## Problem requirements
Please set down only the lines below starting with the line with "Признаки общества как" and going on through the line with "El producto presenta", verbatim and without pictures.

## Exercise data
****************************************

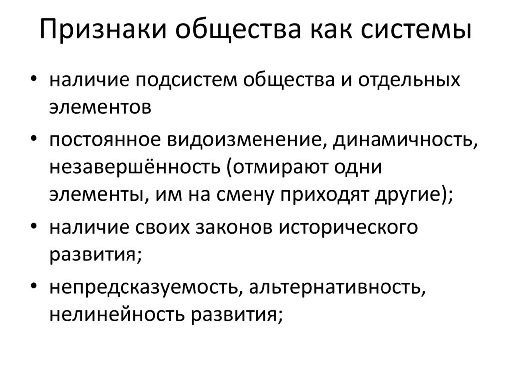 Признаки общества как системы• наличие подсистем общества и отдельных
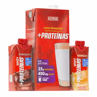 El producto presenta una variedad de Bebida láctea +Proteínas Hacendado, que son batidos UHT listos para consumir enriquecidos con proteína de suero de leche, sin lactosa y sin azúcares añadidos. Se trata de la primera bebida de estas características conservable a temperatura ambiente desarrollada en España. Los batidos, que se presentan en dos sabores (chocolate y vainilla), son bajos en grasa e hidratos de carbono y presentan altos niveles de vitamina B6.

****************************************

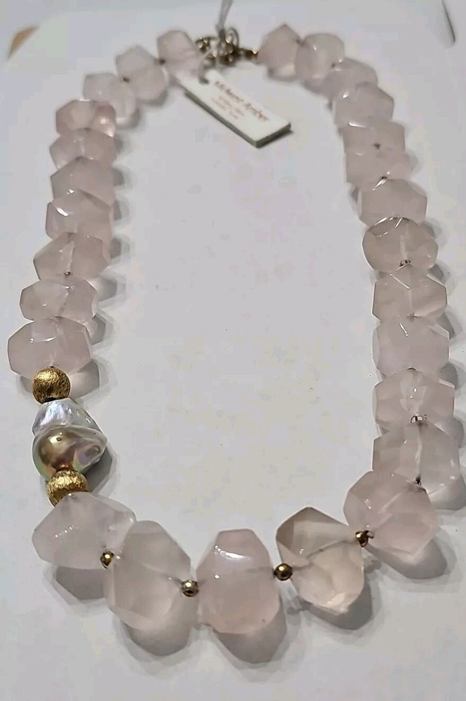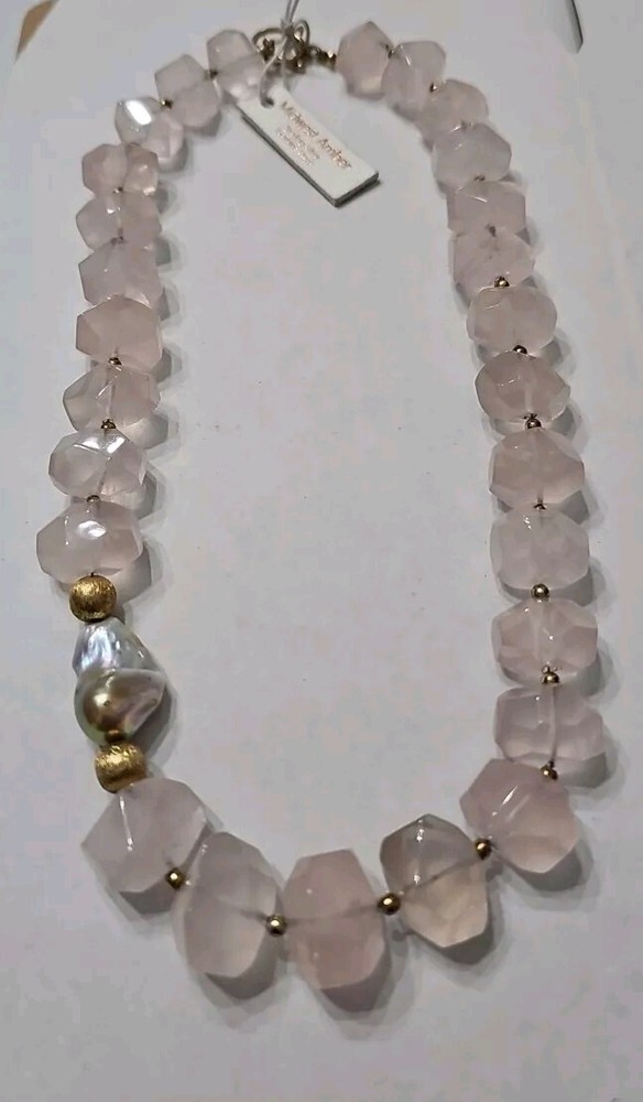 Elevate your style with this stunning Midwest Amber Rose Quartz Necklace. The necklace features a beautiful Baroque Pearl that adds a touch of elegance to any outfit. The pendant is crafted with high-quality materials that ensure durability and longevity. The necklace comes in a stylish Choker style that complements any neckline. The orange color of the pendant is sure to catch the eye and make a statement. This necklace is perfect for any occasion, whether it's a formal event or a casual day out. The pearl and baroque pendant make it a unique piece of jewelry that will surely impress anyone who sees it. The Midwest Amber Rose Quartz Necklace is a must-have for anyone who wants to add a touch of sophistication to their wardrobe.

****************************************

## Result of this exercise
 Признаки общества как системы• наличие подсистем общества и отдельных
 El producto presenta una variedad de Bebida láctea +Proteínas Hacendado, que son batidos UHT listos para consumir enriquecidos con proteína de suero de leche, sin lactosa y sin azúcares añadidos. Se trata de la primera bebida de estas características conservable a temperatura ambiente desarrollada en España. Los batidos, que se presentan en dos sabores (chocolate y vainilla), son bajos en grasa e hidratos de carbono y presentan altos niveles de vitamina B6.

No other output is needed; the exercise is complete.